The bill expands recognition, data, protections, and federally supported services for LGBTQI and other marginalized older adults—improving access and accountability—while increasing federal and provider administrative costs, recurring spending, and risks of uneven or politicized implementation and funding dilution.
LGBTQI older adults (and other marginalized seniors) gain explicit recognition and eligibility for Older Americans Act programs and targeted services, improving access to culturally responsive supports.
Federal data collection, periodic reporting, research, and evaluation will produce better information and accountability to guide more targeted programs and funding decisions for older adults (including LGBTQI elders).
Discrimination and inadequate care for LGBTQI older adults in long-term care will be systematically documented, supporting oversight, anti-discrimination guidance, and targeted corrective actions.
State and federal agencies, service providers, and taxpayers will face recurring administrative and compliance costs for new offices, data collection, reporting, and program requirements.
Expanding eligible grantees and creating new grant programs could increase demand for limited federal funds and potentially dilute funding available to existing providers.

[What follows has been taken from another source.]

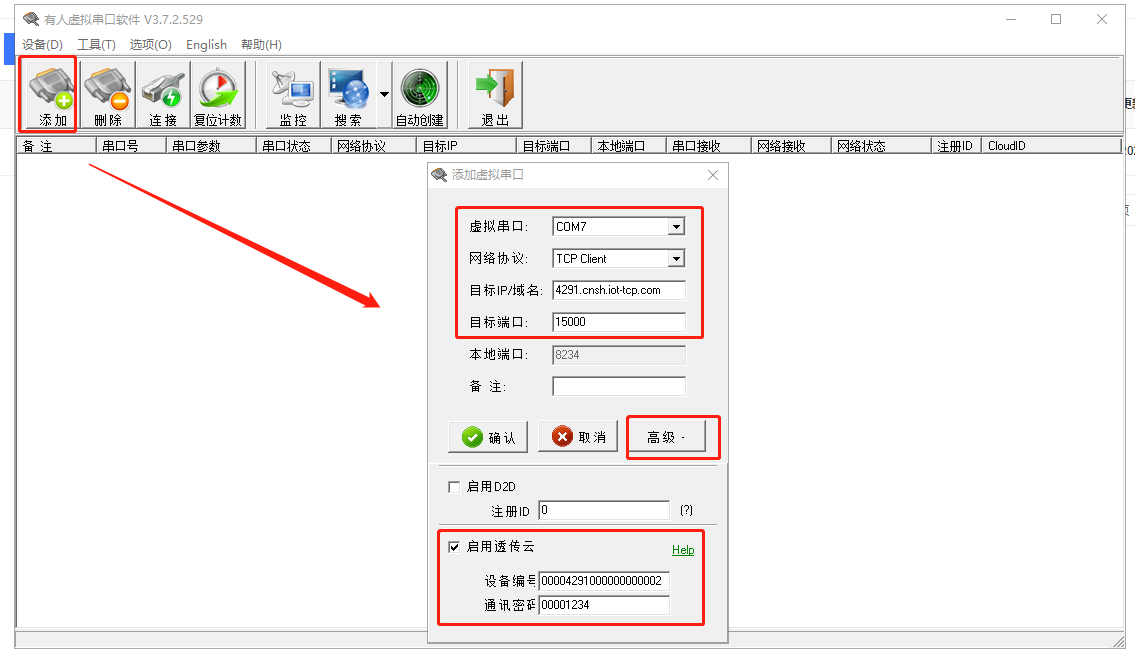 高級(jí)設(shè)置開啟透?jìng)髟?,輸入有人云添加設(shè)備的編號(hào)ID00004291000000000002和密碼00001234,點(diǎn)擊確認(rèn)。

Broad discretionary authority and new program priorities risk uneven implementation and prioritization across states and localities depending on federal and administrative choices.
Based on analysis of 6 sections of legislative text.
Adds LGBTQI/HIV definitions, creates an Office of LGBTQI Inclusion and a National Resource Center, expands grant eligibility, and requires anti‑discrimination data and reporting in long‑term care.
Introduced June 26, 2025 by Suzanne Bonamici · Last progress June 26, 2025
Creates new, explicit legal recognition and programmatic support for older adults who are LGBTQI or living with HIV within the Older Americans Act. The bill adds definitions, requires federal data collection on discrimination in long-term care, expands grant eligibility to organizations serving LGBTQI older adults, and establishes an Office of LGBTQI Inclusion plus a funded National Resource Center to coordinate policy, training, research, and grants.